## PROBLEM DETAILS
Please give every record below again exactly, and keep the pictures out.

============

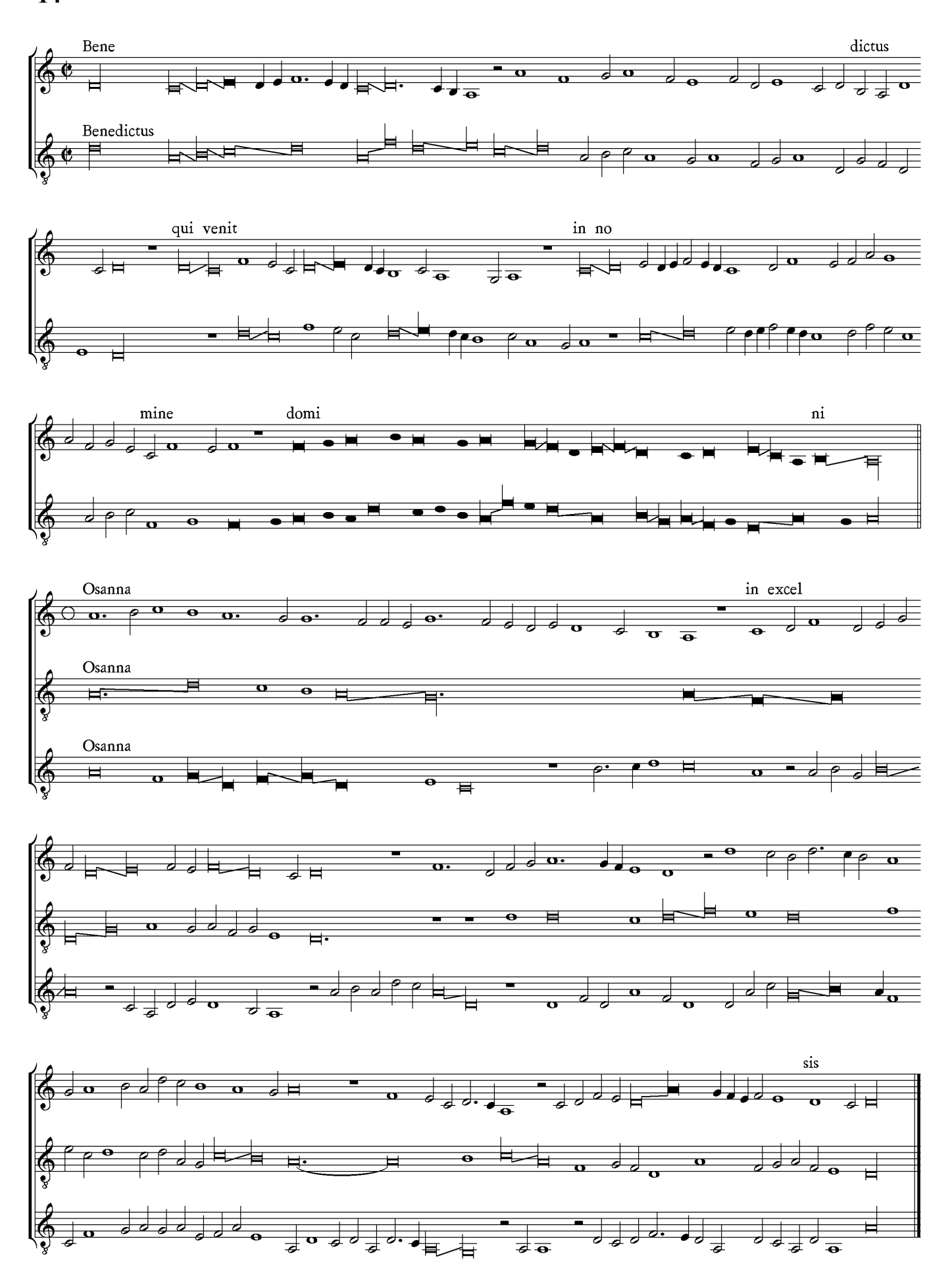
Jaques Barbigant – Trento: tr89 311v-313r
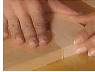
Push the pieces together
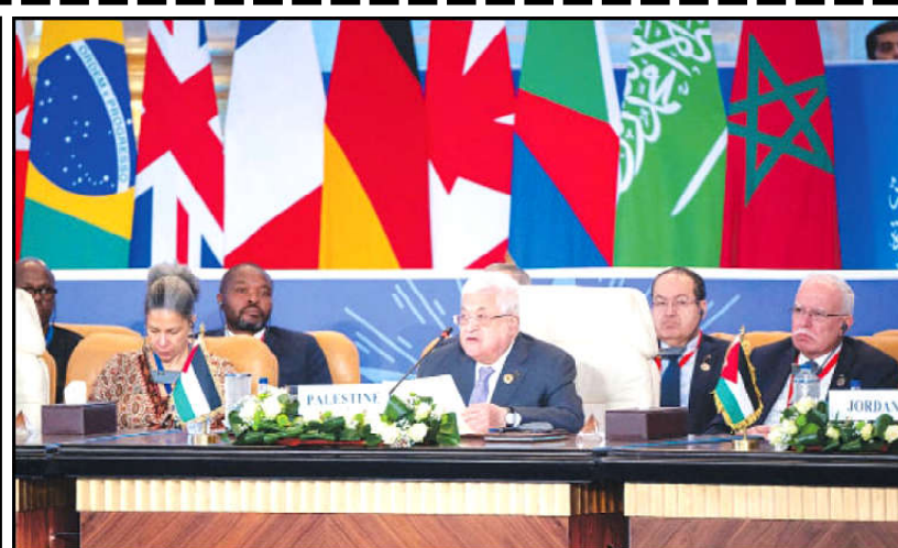
Palestinian President Mahmoud Abbas delivers a speech during the summit in Cairo.

non-U.S. Secretary of State Antony Blinken cautioned Lebanon's caretaker prime minister that the Lebanese population would be affected if his country were drawn into the Israel-Hamas war, the State Department said. With violence around its heavily guarded borders increasing, Israel on Sunday added 14 communities close to Lebanon and Syria to its evacuation plan in the north of the country. Israel began unrelenting air strikes on Gaza to its southwest after Hamas militants breached the border and carried out a shock rampage through nearby communities, killing 1,400 people, mainly civilians, and taking 212 hostages back to Gaza.
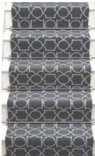
ALH0034 Scandi Grey
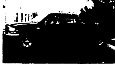
99 FORD F250 XLT Crew Cab, 4x4, "Perfect Work Truck", #PL5032
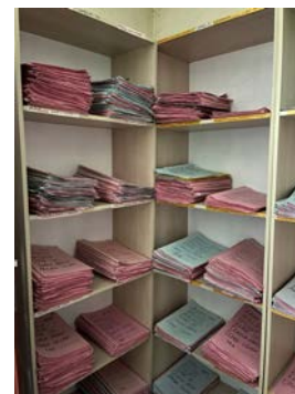
L. to r.: Beneficiaries showing their landtitles; a written registry of certificates; a storage room containing certificates
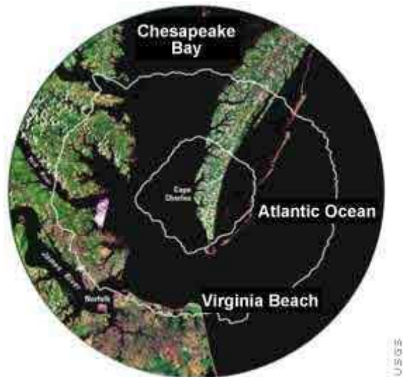
Figure 1. Asteroid impact crater beneath the Chesapeake Bay—the white lines represent inner and outer crater boundaries resulting from an asteroid impact 35 million years ago.

The exact sizes of the asteroids, and the blast effects they create when impacting the earth are uncertain and vary depending on the composition and density of the asteroid and the closing velocity at impact. In rough terms, the effects and frequencies of these larger impacts can be summarized as follows:
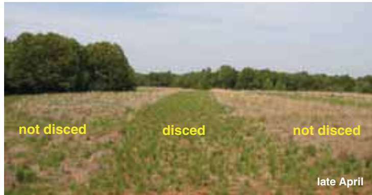
This field is being managed by discing alternate strips in winter. This will provide brooding cover adjacent to nesting cover.

Another management practice often necessary is herbicide applications. Strip spraying a grass-selective herbicide (e.g., Select ® ) in late April using alternate spray nozzles can decrease grass density, create additional open space at ground level and stimulate the seedbank. Strip spraying should be conducted in patterns similar to those recommended for discing. Spot spraying or broadcast spraying other selective herbicides (see Appendix 1) may be necessary to reduce several problem grasses (e.g., crabgrass, tall fescue) and forbs (e.g., sericea lespedeza, thistles), as well as woody competition (e.g., sweetgum, winged elm). In all cases, herbicide labels should be read before use and followed closely with regard to restrictions, precautions, rates, recommended tank mixtures, surfactants and sprayer-cleaning recommendations.
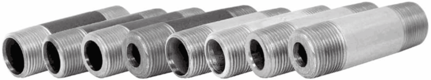
FIG. 320: Standard Black Sch. 40 FIG. 325: Extra Heavy Black Sch. 80 FIG. 326: 160 Black Sch. 160 FIG. 327: XXH Black FIG. 330: Standard Galv. Sch. 40 FIG. 335: Extra Heavy Galv. Sch. 80 FIG. 333: 160 Galv. Sch. 160 FIG. 329: XXH Galvanized
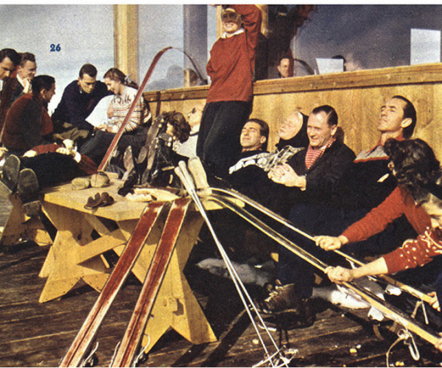
The Sundeck, at the summit of the 3-mile-long chair lift, the longest in the world
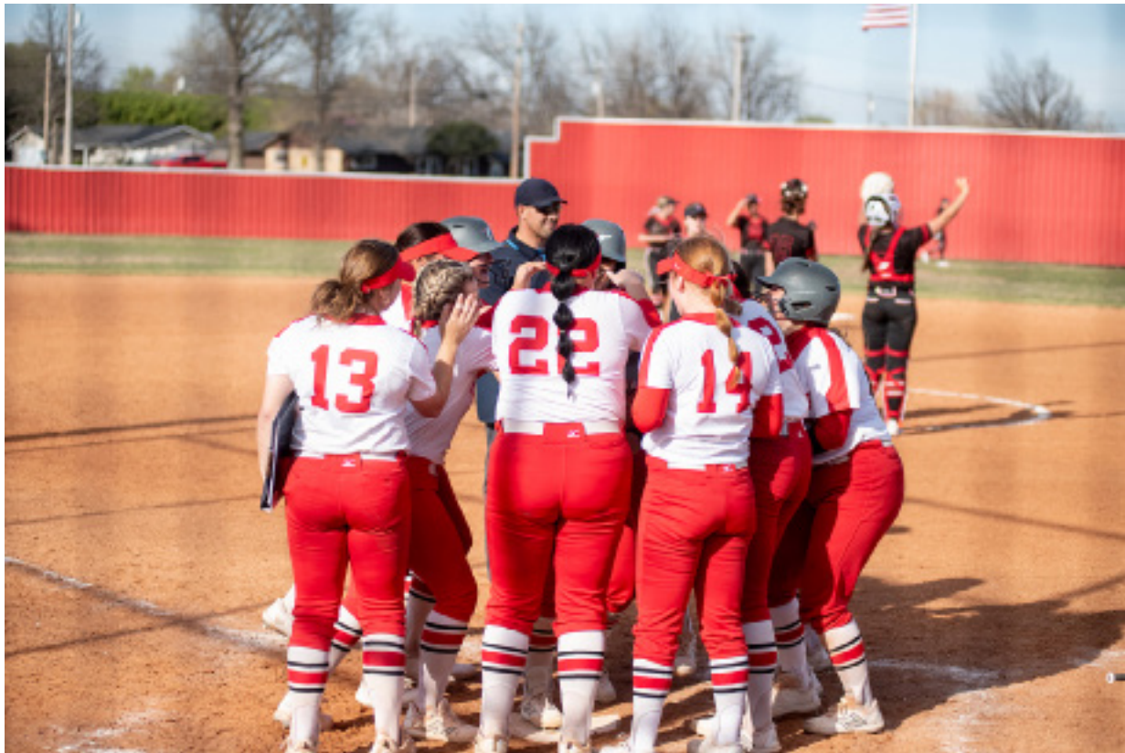
Mavs softball has a team meeting during their games against NOC Enid. The Mavs host Pratt (KS) on April 30 in the final home games of the season.
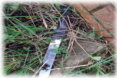
Pictured: Large knife hidden in grassland

Officers frequently deploy across the ward areas and participate in National weeks of action to raise awareness of knife crime, associated criminality and to ensure knives and other weapons are not being stored or hidden in open spaces.
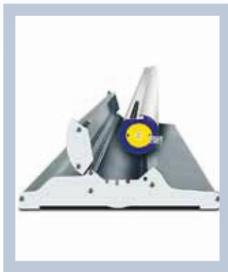
The image is well protected during transportation.

Roll Up Classic is easy to transport and assembles in a flash for your presentation. Roll Up Classic is available in a wide range of widths and is ideal for repeated use in different environments.
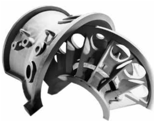
figure 2: gasturbine components, made of creep resistant cast steel replaced a former welding fabrication
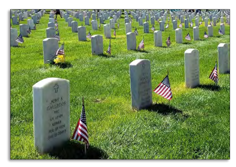
TOP LEFT & RIGHT PHOTOS: Flags were placed by volunteers and cemetery staff at many of the cemetery's gravesites.
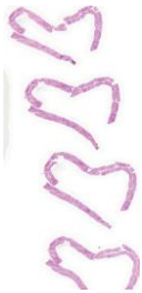
Figure 2 Liver biopsy LALD (Lysosomal Acid Lipase Deficiency) (click to show WSI)
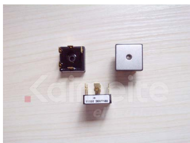
rcuits - ICs
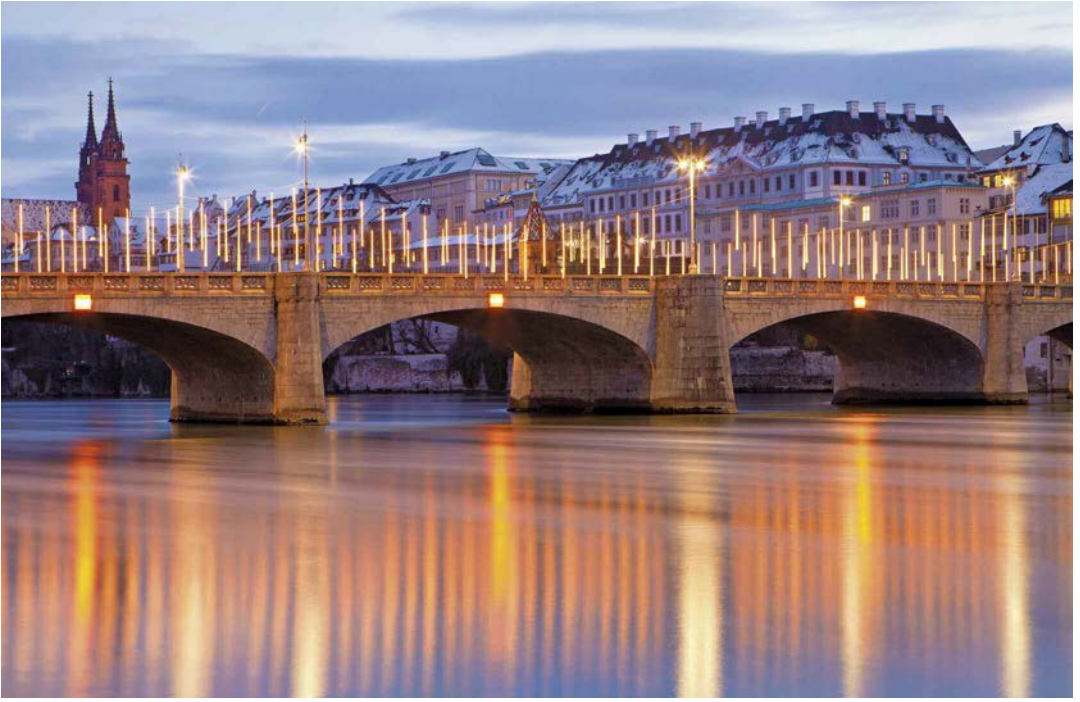
Holiday lights over the Rhine River, Basel
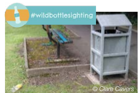
Spot the wild bottle next to the bin!

We're one step closer to a Deposit Return Scheme (DRS) in Scotland. Roseanna Cunningham has commissioned Zero Waste Scotland to investigate the design of a potential system for Scotland. This is the crucial next step to make DRS a reality. Hopefully #wildbottlesighting will soon be a thing of the past.

============

## ANSWER TO THIS TASK
Jaques Barbigant – Trento: tr89 311v-313r
Push the pieces together
Palestinian President Mahmoud Abbas delivers a speech during the summit in Cairo.

non-U.S. Secretary of State Antony Blinken cautioned Lebanon's caretaker prime minister that the Lebanese population would be affected if his country were drawn into the Israel-Hamas war, the State Department said. With violence around its heavily guarded borders increasing, Israel on Sunday added 14 communities close to Lebanon and Syria to its evacuation plan in the north of the country. Israel began unrelenting air strikes on Gaza to its southwest after Hamas militants breached the border and carried out a shock rampage through nearby communities, killing 1,400 people, mainly civilians, and taking 212 hostages back to Gaza.
ALH0034 Scandi Grey
99 FORD F250 XLT Crew Cab, 4x4, "Perfect Work Truck", #PL5032
L. to r.: Beneficiaries showing their landtitles; a written registry of certificates; a storage room containing certificates
Figure 1. Asteroid impact crater beneath the Chesapeake Bay—the white lines represent inner and outer crater boundaries resulting from an asteroid impact 35 million years ago.

The exact sizes of the asteroids, and the blast effects they create when impacting the earth are uncertain and vary depending on the composition and density of the asteroid and the closing velocity at impact. In rough terms, the effects and frequencies of these larger impacts can be summarized as follows:
This field is being managed by discing alternate strips in winter. This will provide brooding cover adjacent to nesting cover.

Another management practice often necessary is herbicide applications. Strip spraying a grass-selective herbicide (e.g., Select ® ) in late April using alternate spray nozzles can decrease grass density, create additional open space at ground level and stimulate the seedbank. Strip spraying should be conducted in patterns similar to those recommended for discing. Spot spraying or broadcast spraying other selective herbicides (see Appendix 1) may be necessary to reduce several problem grasses (e.g., crabgrass, tall fescue) and forbs (e.g., sericea lespedeza, thistles), as well as woody competition (e.g., sweetgum, winged elm). In all cases, herbicide labels should be read before use and followed closely with regard to restrictions, precautions, rates, recommended tank mixtures, surfactants and sprayer-cleaning recommendations.
FIG. 320: Standard Black Sch. 40 FIG. 325: Extra Heavy Black Sch. 80 FIG. 326: 160 Black Sch. 160 FIG. 327: XXH Black FIG. 330: Standard Galv. Sch. 40 FIG. 335: Extra Heavy Galv. Sch. 80 FIG. 333: 160 Galv. Sch. 160 FIG. 329: XXH Galvanized
The Sundeck, at the summit of the 3-mile-long chair lift, the longest in the world
Mavs softball has a team meeting during their games against NOC Enid. The Mavs host Pratt (KS) on April 30 in the final home games of the season.
Pictured: Large knife hidden in grassland

Officers frequently deploy across the ward areas and participate in National weeks of action to raise awareness of knife crime, associated criminality and to ensure knives and other weapons are not being stored or hidden in open spaces.
The image is well protected during transportation.

Roll Up Classic is easy to transport and assembles in a flash for your presentation. Roll Up Classic is available in a wide range of widths and is ideal for repeated use in different environments.
figure 2: gasturbine components, made of creep resistant cast steel replaced a former welding fabrication
TOP LEFT & RIGHT PHOTOS: Flags were placed by volunteers and cemetery staff at many of the cemetery's gravesites.
Figure 2 Liver biopsy LALD (Lysosomal Acid Lipase Deficiency) (click to show WSI)
rcuits - ICs
Holiday lights over the Rhine River, Basel
Spot the wild bottle next to the bin!

We're one step closer to a Deposit Return Scheme (DRS) in Scotland. Roseanna Cunningham has commissioned Zero Waste Scotland to investigate the design of a potential system for Scotland. This is the crucial next step to make DRS a reality. Hopefully #wildbottlesighting will soon be a thing of the past.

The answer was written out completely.